**Task instructions**
Output the line that contains "湖南日报·新湖南客户端12月" together with each line after it, through the final line of the listing below, word for word; omit pictures.

**The data**
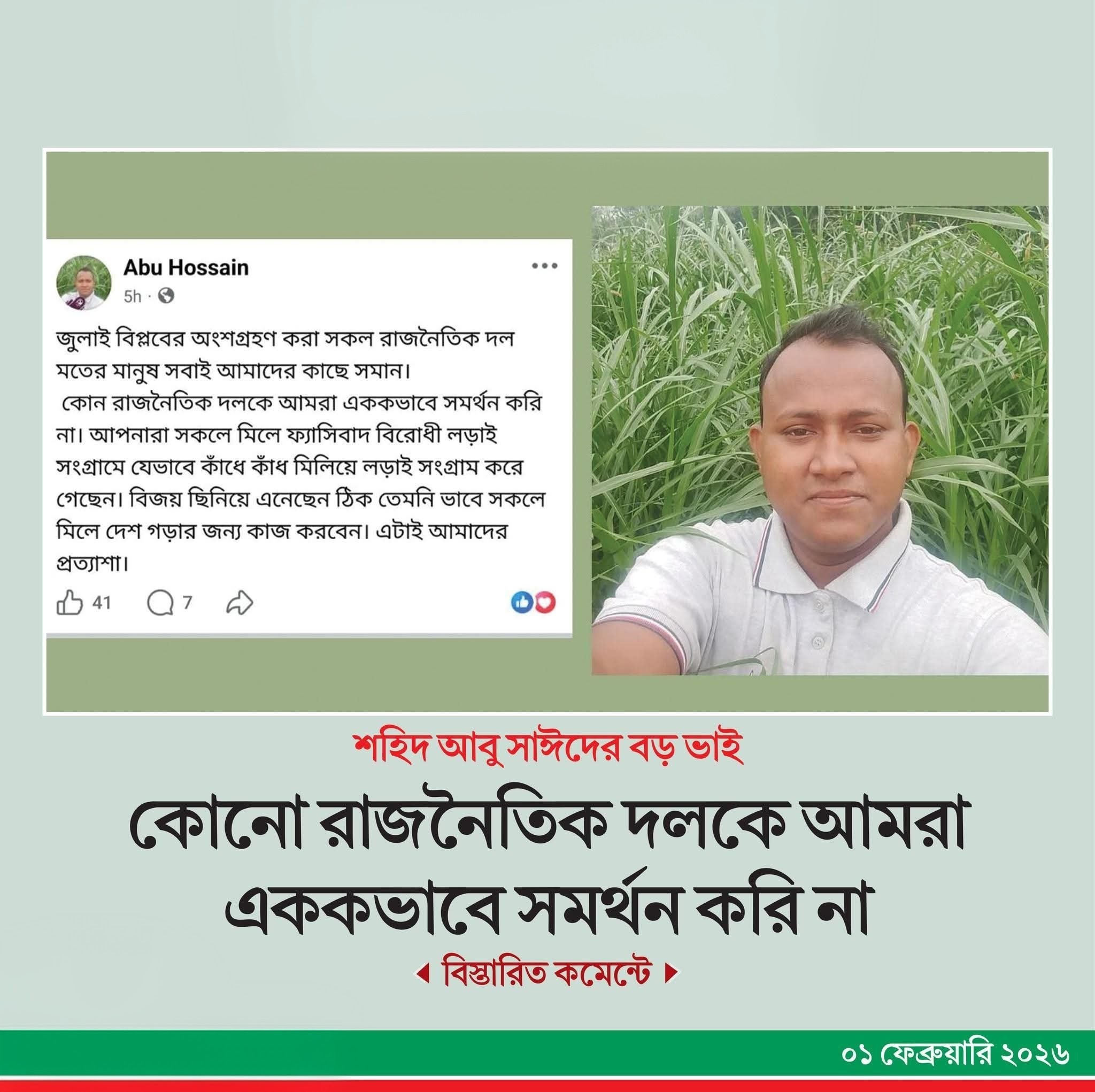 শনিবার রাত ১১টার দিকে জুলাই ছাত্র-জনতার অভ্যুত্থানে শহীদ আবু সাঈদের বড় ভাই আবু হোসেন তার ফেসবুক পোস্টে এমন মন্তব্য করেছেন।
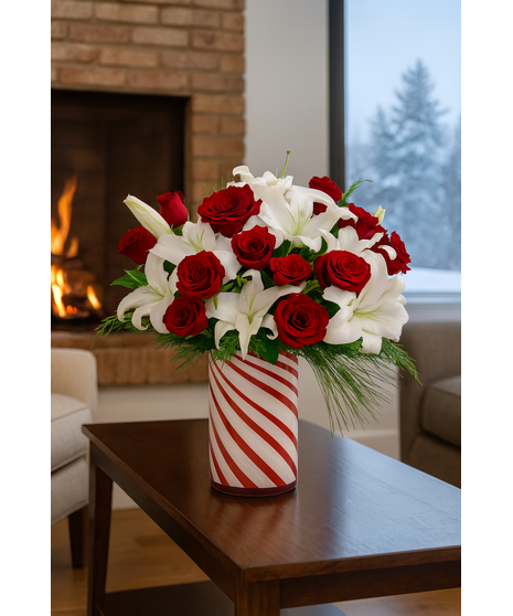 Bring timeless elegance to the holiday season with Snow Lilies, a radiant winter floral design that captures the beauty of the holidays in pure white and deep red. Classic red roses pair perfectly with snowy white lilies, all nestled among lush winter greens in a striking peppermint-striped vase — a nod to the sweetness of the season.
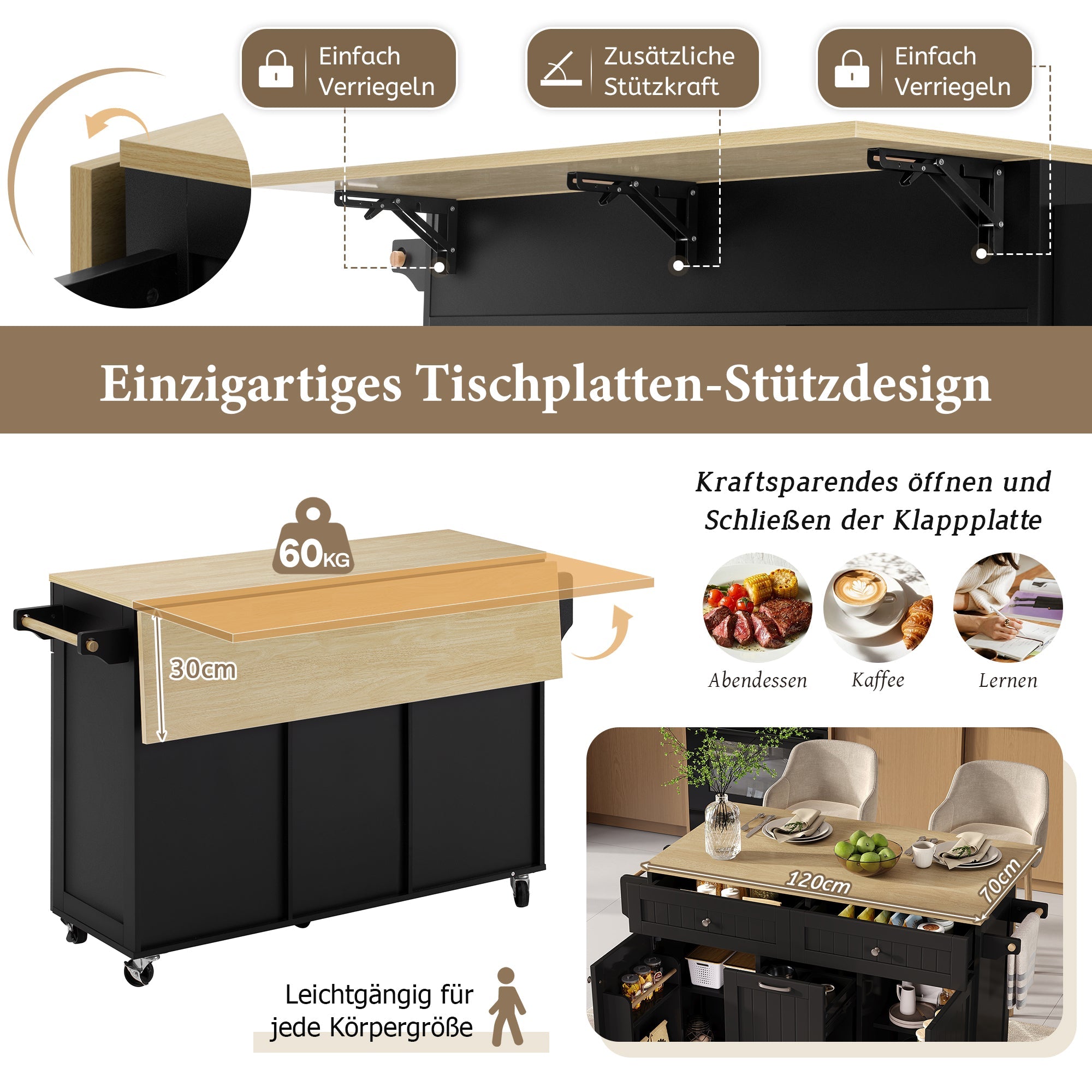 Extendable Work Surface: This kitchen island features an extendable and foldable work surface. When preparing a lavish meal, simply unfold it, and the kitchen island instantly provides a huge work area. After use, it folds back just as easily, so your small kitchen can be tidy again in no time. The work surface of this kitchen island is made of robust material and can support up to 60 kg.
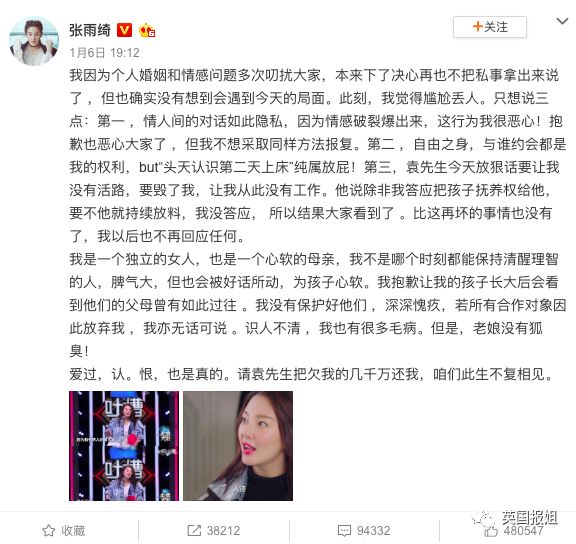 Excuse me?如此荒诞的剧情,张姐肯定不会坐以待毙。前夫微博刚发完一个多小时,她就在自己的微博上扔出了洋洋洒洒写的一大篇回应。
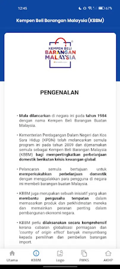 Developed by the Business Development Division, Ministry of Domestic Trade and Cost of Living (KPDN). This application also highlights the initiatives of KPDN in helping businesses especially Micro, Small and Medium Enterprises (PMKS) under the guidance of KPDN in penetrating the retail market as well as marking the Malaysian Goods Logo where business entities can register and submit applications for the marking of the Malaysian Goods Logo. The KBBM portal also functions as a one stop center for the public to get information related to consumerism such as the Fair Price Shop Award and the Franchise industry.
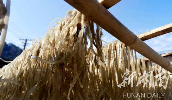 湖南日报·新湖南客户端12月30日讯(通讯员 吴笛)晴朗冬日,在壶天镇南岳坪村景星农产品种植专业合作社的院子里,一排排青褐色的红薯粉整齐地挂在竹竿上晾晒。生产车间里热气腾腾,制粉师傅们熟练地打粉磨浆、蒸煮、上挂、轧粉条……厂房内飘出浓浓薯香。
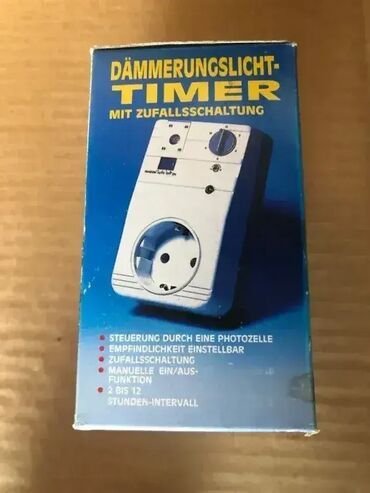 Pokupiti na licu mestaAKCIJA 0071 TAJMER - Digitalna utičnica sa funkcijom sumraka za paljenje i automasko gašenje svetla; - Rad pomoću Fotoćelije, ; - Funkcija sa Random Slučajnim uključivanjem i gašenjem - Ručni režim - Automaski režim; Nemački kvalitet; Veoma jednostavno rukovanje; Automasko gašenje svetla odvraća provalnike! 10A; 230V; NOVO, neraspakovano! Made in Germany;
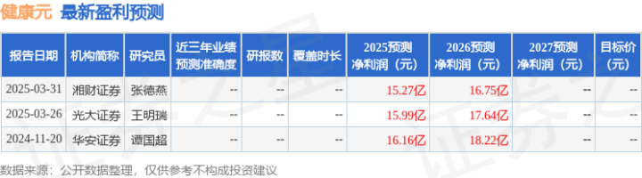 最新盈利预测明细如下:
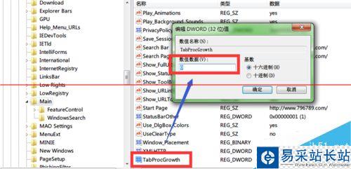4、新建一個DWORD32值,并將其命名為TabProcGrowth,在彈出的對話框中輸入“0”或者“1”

**Exercise answer**
 湖南日报·新湖南客户端12月30日讯(通讯员 吴笛)晴朗冬日,在壶天镇南岳坪村景星农产品种植专业合作社的院子里,一排排青褐色的红薯粉整齐地挂在竹竿上晾晒。生产车间里热气腾腾,制粉师傅们熟练地打粉磨浆、蒸煮、上挂、轧粉条……厂房内飘出浓浓薯香。
 Pokupiti na licu mestaAKCIJA 0071 TAJMER - Digitalna utičnica sa funkcijom sumraka za paljenje i automasko gašenje svetla; - Rad pomoću Fotoćelije, ; - Funkcija sa Random Slučajnim uključivanjem i gašenjem - Ručni režim - Automaski režim; Nemački kvalitet; Veoma jednostavno rukovanje; Automasko gašenje svetla odvraća provalnike! 10A; 230V; NOVO, neraspakovano! Made in Germany;
 最新盈利预测明细如下:
4、新建一個DWORD32值,并將其命名為TabProcGrowth,在彈出的對話框中輸入“0”或者“1”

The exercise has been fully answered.